Corbit said, the first night he met me, that he wasn’t going to fill my head with pretty words. Rather he was going to show me how he felt. I didn’t understand how he was going to do that, and it scared me that so much was happening so fast, but I didn’t run. I did the exact opposite, I got closer.
Caitlyn dropped me off at the airport and sent me on my way. Corbit, however, wasn’t satisfied with his goodbye at 2am the night prior so he drove to the airport to see me off. It was one of the most romantic gestures, and seeing all the effort he put into me, made me question anything I ever had with someone else. Here was this stranger already treating me better than any man I ever dated, so how could I have possibly believed this was reality? Because the whole time, everything felt and seemed to good to be true.

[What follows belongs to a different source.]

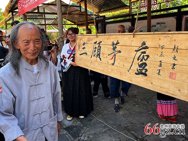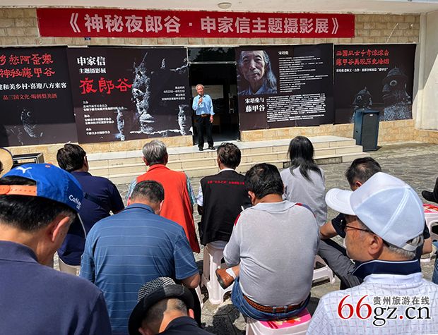7月6日逢布依族“六月六”传统节日,位于贵州省安顺市经开区幺铺镇的布依族古村寨阿歪寨的藤甲谷,阳光灿烂、热闹异常,到处洋溢着欢乐气氛——84岁著名摄影家、中国摄影家协会会员申家信的《神秘夜郎谷.申家信主题摄影展》巡展(简称摄影展)在这里惊艳开展,此为计划中的全省巡展第一站,展出申老师近10年间在贵阳花溪夜郎谷拍摄的数千幅图片中精选的63幅佳作。近百位摄影家、艺术家、历史学家及文化旅游界的专家学者和当地布依族群众踊跃参加开展仪式,兴高采烈度过一个非同寻常的“六月六”。大家高度赞扬申老师老骥伏枥、壮心不已,为终身酷爱的贵州摄影事业倾尽心力、无私奉献的崇高精神及做出的积极贡献。

I checked my bag into my flight and then headed outside to see him one last time before I headed back to my life in California. I felt like I was on permanent vacation, and I was ready to be back to my daily routine. I missed my family, friends, apartment, and even my job. I was ready to get back to pursuing my dreams of acting, and I felt like I was gone for a little too long.
Corbit pulled up and I hopped into his car. He kissed me and asked if he could drive me around in circles until I absolutely had to board my plane. I said yes, and in true Corbit fashion, we listened to music and just talked. We talked about how we were feeling and I opened up about really liking him. I do, or at least I think I do, but I know strong feelings shouldn’t have doubt. I didn’t doubt I could like him, I doubted if I really did. Sometimes I swear I think I’m broken. Here was the man I always hoped I would find and I was looking at him with questioning eyes and a confused heart. He definitely deserves someone who can love with a wild love. I know that could be me, but I just met him. We don’t live in the same city, we didn’t know each other fully, and this could have just been a moment that we confused with the idea of forever. Overall, I was just a confused mess filled with too many thoughts and an open heart.
He told me about a woman who runs a restaurant he enjoys eating at and that she was like a second mom to him. He told her about me and told her my favorite dessert was caramel so she gave him 3 caramel cookies to give to me. They were delicious and my heart melted. He remembered I said I loved caramel and here he was surprising me with delicious treats to eat while I was flying home. He then handed me a small guitar pick with May 1 written on the back. He asked if I knew why he was giving that to me and I took a shot in the dark and asked if it was the pick he used to play his guitar on the first night we met. He smiled at me and said yes. He wanted to give it to me so I could remember him and that night. My heart melted. This could not be real. I didn’t come to Nashville expecting to meet a boy, and never in a million years would I have thought I would meet someone who found me to be completely beautiful. He told me over and over how amazing he thought I was and I couldn’t believe him. Exes have told me before they thought I was amazing and they all left, so why should I believe this man I just met? But I believed he felt that way, I just couldn’t understand why? I don’t mean to sell myself short, but when someone looks you dead in the eye and says your beautiful, it’s a hard thing to believe. And I find this so sad. We as people are so quick to believe the shitty thing people say about us but we struggle to believe the good people say and feel.
The time came for me to head back and he said he was almost considering kidnapping me because he didn’t want to let me go. But he brought me back to my terminal, got out and hugged me, and kissed me goodbye. We didn’t end it with a plan for what would come next, that was going to be left up to fate. And fate stepped in a lot quicker than I anticipated.